Entre a urgência e a paciência

Entre a urgência e a paciência

O filósofo René Descartes era um homem inquieto, atormentado pelas perguntas que não conseguia responder. Possuía um espírito inconformado e não gostava de meias verdades, deixar as tarefas para depois. O texto abaixo, que circula anonimamente pela internet, coaduna-se um pouco com a filosofia do pensador que morreu há mais de 300 anos. “Depois? Depois o café esfria, depois a prioridade muda, depois o encanto se perde, depois o cedo fica tarde, depois a saudade passa... Depois tanta coisa muda... Não deixe nada para depois, porque na espera do depois, você pode perder os melhores momentos, as melhores experiências, e os melhores e mais sinceros sentimentos”.

Mas será mesmo que a urgência do agora deve suplantar a paciência do depois? O ser humano lida com a incerteza diariamente e está exposto a tecnologias que estão mudando padrões de comportamento. Sempre há uma nova mensagem para responder imediatamente, algo imperativo que não pode esperar. As pessoas estão ficando vidradas nos aparelhos, com olhares fixos, voltadas para baixo. Os momentos desconectados são cada vez mais raros, há uma correria insana para manter-se atualizado, embora ninguém saiba o que isso significa. A tranquilidade está sendo atropelada. À frente, está surgindo um abismo colossal que separa a vida de agora daquela que ainda está porvir. Se ainda estivesse vivo com o seu cartesiano pensar, provavelmente, Descartes pediria “um tempo” para examinar “agora” essa impaciente contradição que se instaurou entre a urgência e a paciência.

A propósito dessa atual controvérsia, a história registra várias experiências de povos antigos em que a paciência prevaleceu, ao contrário do que recomenda o texto do primeiro parágrafo. Isso não quer dizer que essa filosofia mais perseverante vá predominar em um mundo cada vez mais podado pela pressa. Uma dessas experiências, que hoje seria rotulada de prosaica, está guardada no interior do México, no sítio arqueológico Maia, uma das sete maravilhas do mundo moderno e patrimônio da humanidade. Ali repousam os consistentes ensinamentos da cultura Maia, um povo capaz de reflexões profundas, séculos antes do nascimento de filósofos como Descartes, que se preocuparam em deixar para a humanidade um método de pensar. Sozinhos, os Maias chegaram a brilhantes conclusões, tendo a paciência como principal ingrediente da sabedoria. Dia após dia, um mês depois do outro, por anos a fio, fizeram descobertas essenciais à sobrevivência, só observando os movimentos do Sol, da Lua, dos planetas e das estrelas. Concluíram, por exemplo, que o ano tem precisos 365 dias e seis horas. Dividiram as estações do ano em uma pirâmide e fizeram com que a sombra projetada funcionasse como os ponteiros de um relógio para indicar os dias ideais para plantar e para colher.

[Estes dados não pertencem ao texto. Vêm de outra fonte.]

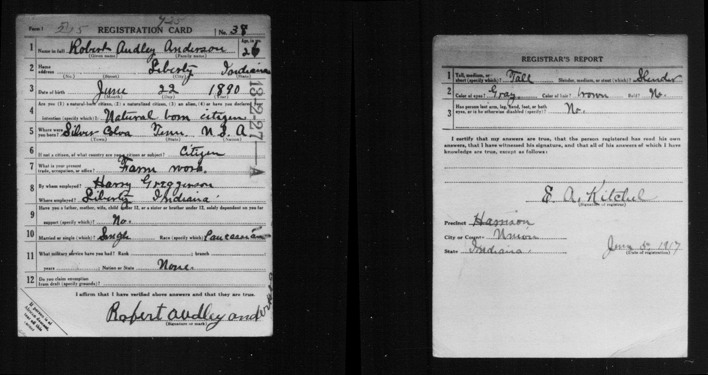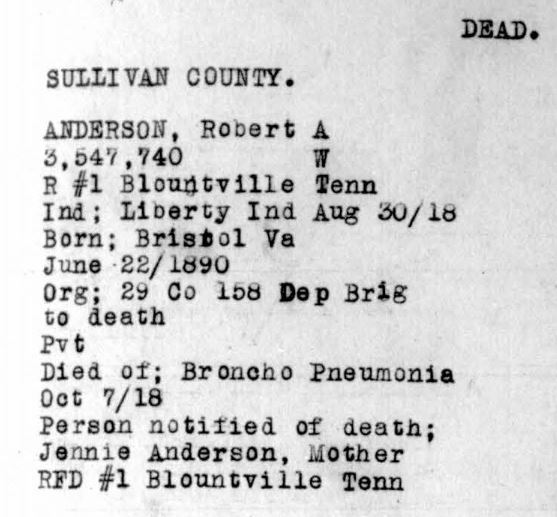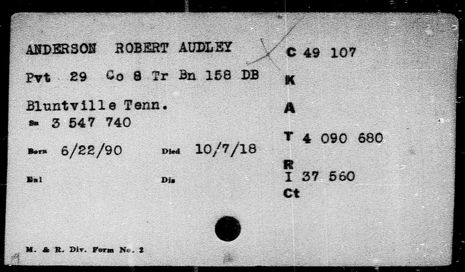 Robert Audley Anderson was born 22 June 1890 in Silver Colva, Sullivan County, Tennessee.
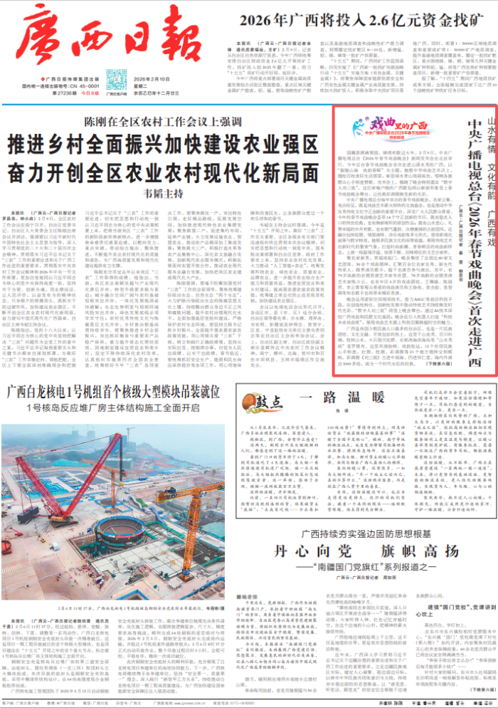 国潮澎湃满梨园,锦绣欢歌过大年。2月9日,中央广播电视总台《2026年春节戏曲晚会》新闻发布会在北京举行。今年总台春节戏曲晚会首次走进山清水秀的广西,以“骏驰山海 戏韵春晖”为主题,植根中华戏曲艺术沃土,描绘百姓美好生活图景,彰显绿水青山亮丽底色,唱响各族群众心手相连赞歌。发布会上,揭晓了晚会特别嘉宾“数字人刘三姐”,这位家喻户晓的广西歌仙将以崭新形象登上春节戏曲晚会舞台,让经典彩调剧焕发新的光彩。
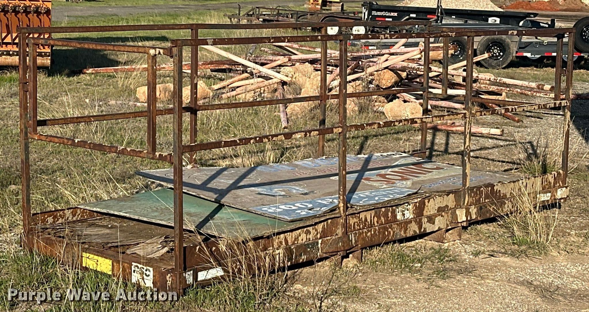 Purple Wave is selling a used Forklift Attach. in Oklahoma. This item is a Man basket with the following: 12' L x 48" W x 41" H
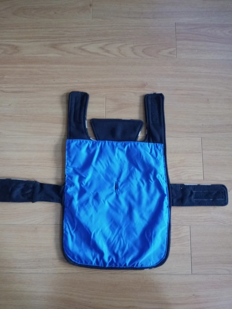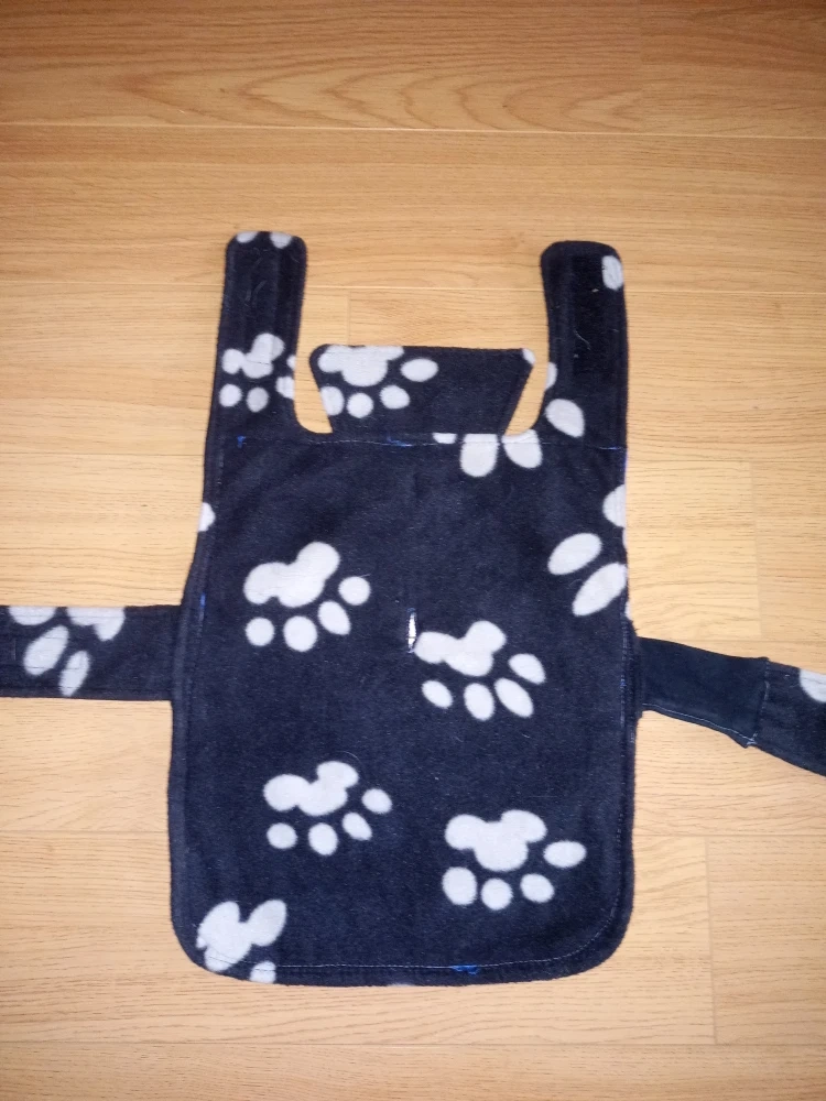Fleece dog coat with blue water-resistant side and paw print design. Has velcro closures. Back is 14"/35 cm and chest strap is 26"/66 cm. Fits small dog about 15-20 lbs. Our pup outgrew this so didn't get to use it much.
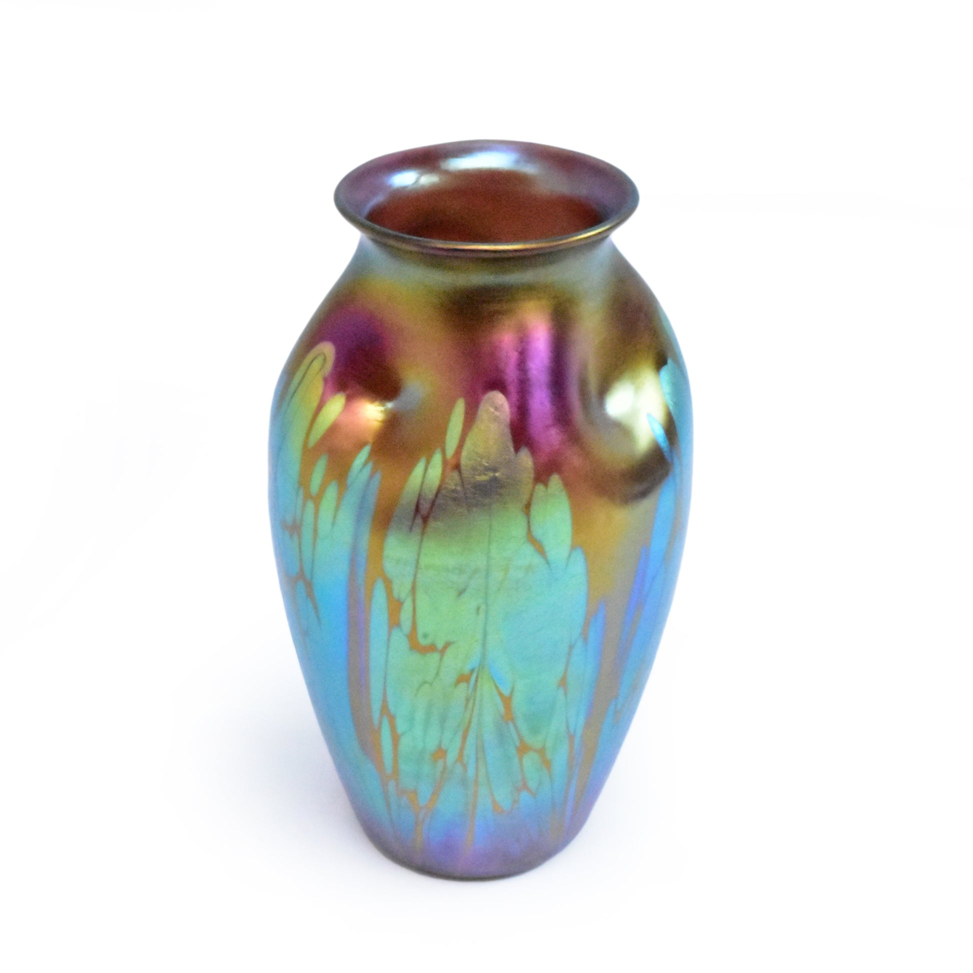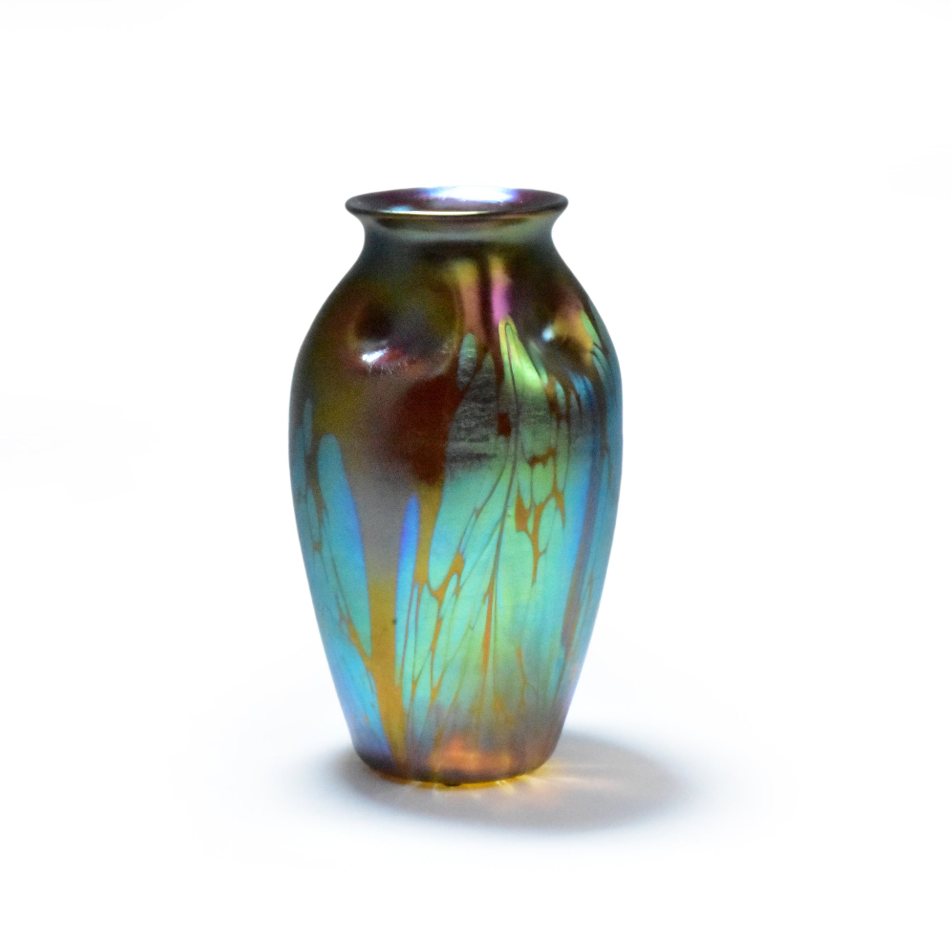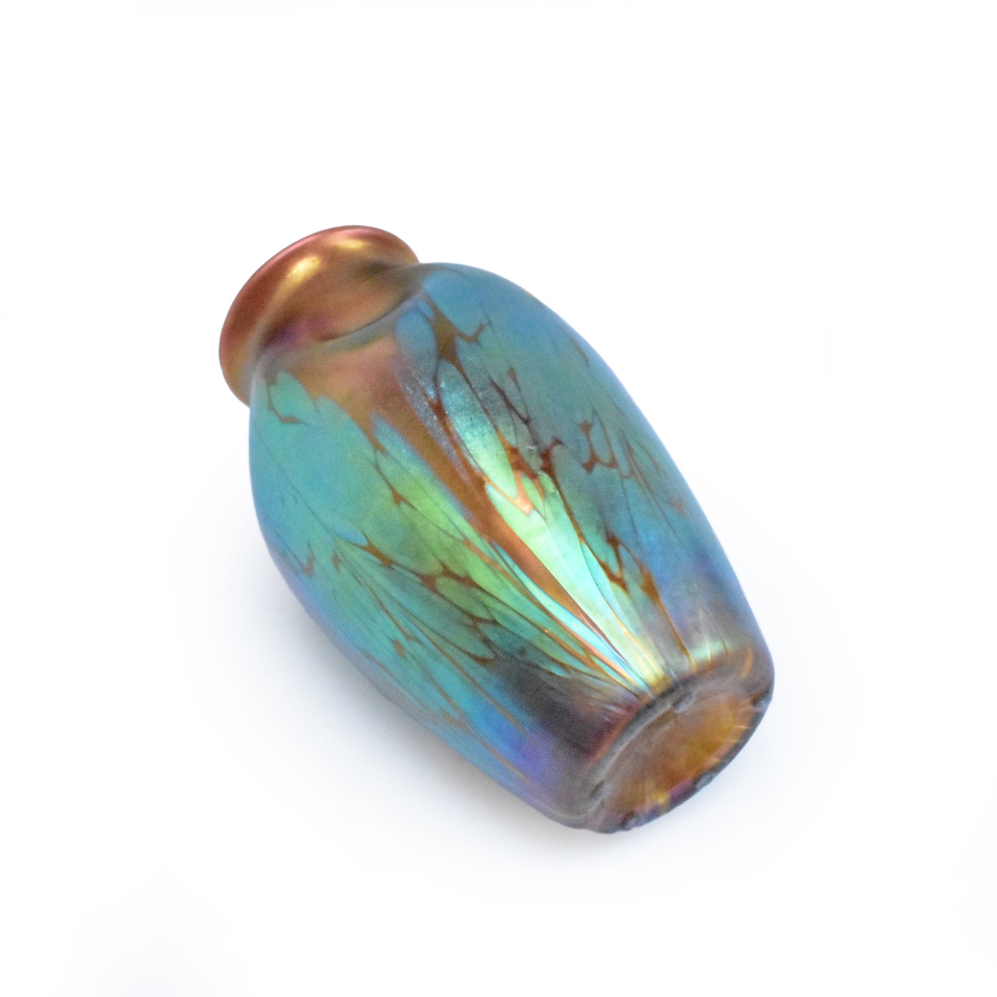 De iriserende kleuren van het Loetz glas waren bijzonder aantrekkelijk rond 1900. De decors werden meestal niet geschilderd of gedetailleerd aangebracht. De kunst lag bij het verwerken van de verschillende glassoorten en oxides tijdens het blazen van de vaas. Een proces dat alleen met het grootste vakmanschap en ervaring tot een succes kon worden gebracht. Een goed voorbeeld van de kracht van deze expertise zien we hier in deze vaas met Medici decor. De grondkleur van deze vaas is Kastaniën verlaufend. een warme kleur die de zilveroxide fel iriserende vlekken nog beter uit laten komen. De kleuren van dit exemplaar zijn zeer sterk en betoverend goed gelukt.
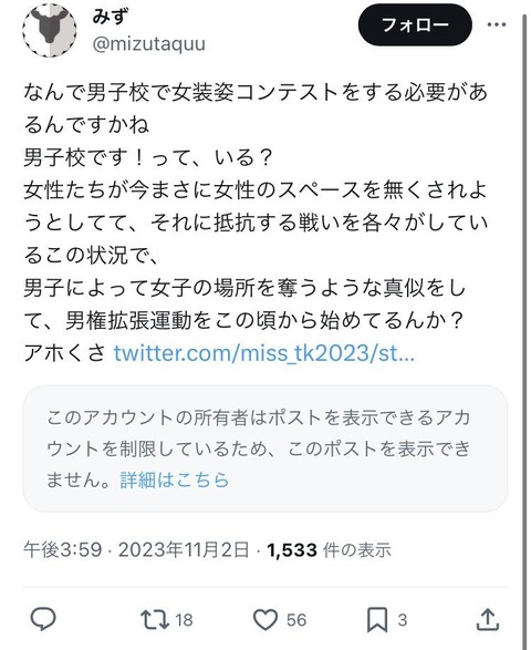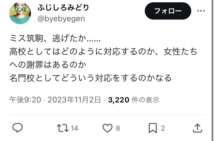 筑駒の学祭、ツイフェミによって炎上させられて鍵垢になった上に謝罪を要求されてしまう

Assim como o sábio povo maia, quando parou para pensar, o filosofo René Descartes logo percebeu que a existência era curta demais para responder a todas as dúvidas, a todos os anseios. Decidiu compartilhar essa “descoberta” para controlar a própria ansiedade. Ao ser informado de que Galileu Galilei havia sido condenado à morte pela inquisição, o temeroso Descartes adotou um viés religioso para explicar as descobertas, tornou-se um agnóstico que convenientemente misturava a fé em Deus com a comprovação científica.

No epílogo do pensamento do filósofo francês, há uma espécie de ode ao conhecimento, uma profissão de fé na busca da verdade, a recomendação de que a evolução só será plena com as descobertas das causas primeiras. A leitura da obra do pensador contém um recado muito apropriado para a interpretação dos confusos dias atuais. Quando se sentiu acuado pelas guerras e pela possibilidade de ser perseguido por suas ideias, Descartes priorizou a paz de espírito para pensar e resolver questões cruciais. Desconfiou dos próprios sentidos que podem levar a falsas conclusões. O pensador apostou no intelecto e na coerência de princípios para superar dificuldades. Manteve-se distante do excesso para priorizar a sensatez na convivência. A filosofia de Descartes afirma que o destino não tem nada de imperioso, mas que para progredir com essência o ser humano precisa cultivar a razão, e arrematou o pensamento com um princípio ético: quem faz alguma descoberta tem o dever moral de compartilhar com quem está próximo.